Role composition matters too. More scouts make the frontier grow quickly, but they do not replace the scientific work of rovers. More relays make the mesh safer, but every relay is an agent that is not directly collecting science. More rovers improve sample return, but they can make the team slower and more dependent on carefully maintained links. The 60/25/15 default is a balanced baseline, not a claim that one mixture wins everywhere.
Where next?
The solar system is almost insultingly large. The distances involved do not really fit in the human mind, so we reason about them mathematically, abstractly, at arm's length. And yet we keep sending machines into that scale one careful mission at a time, learning slowly and expensively. That pace made sense while planetary exploration was finding its feet. It is harder to defend as the questions get bigger.
As exploration extends to more moons, more surfaces and more questions worth asking, the old model of a single highly capable machine doing everything starts to feel like the wrong unit of thought. The frontier is not a single site. It is huge, uneven and inconveniently scattered, with valuable science sitting in many places at once. Thinking at that scale means rethinking what an exploration system even looks like.

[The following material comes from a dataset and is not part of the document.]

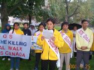 学员:为了向世人讲清真相。我们用这样一种徒步的形式,去告诉世人,中国大陆是多么的黑暗,充斥着血腥和欺骗,而全世界善良的人们正在看清这一点,越来越多的人们起来支持法轮功。我们愿意把“真善忍”的声音传递给他们。
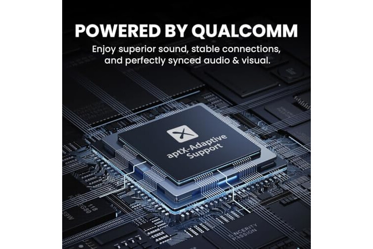 【No Audio Delay】The Qualcomm QCC chip and aptX Adaptive keep audio perfectly in sync with the screen — no lip sync issues or delay.

This work is a small attempt to sit with that problem seriously. What does it look like to explore broadly, to trade some individual precision for collective coverage, and to let a system absorb loss without treating every failure as mission-ending? The simulation is bounded, and the hardware challenges are real. Still, the central argument holds: swarms can do things solo missions structurally cannot, and that gap becomes more important as the targets become more ambitious.
Thinking in large numbers is uncomfortable. It means letting go of the idea that we can monitor every decision, control every route and account for every contingency in advance. That discomfort might be the right place to begin. The next era of exploration will still need brilliant individual machines, but it may also depend on learning to trust coordinated systems that can search, fail, recover and keep going at a scale a single rover was never meant to carry.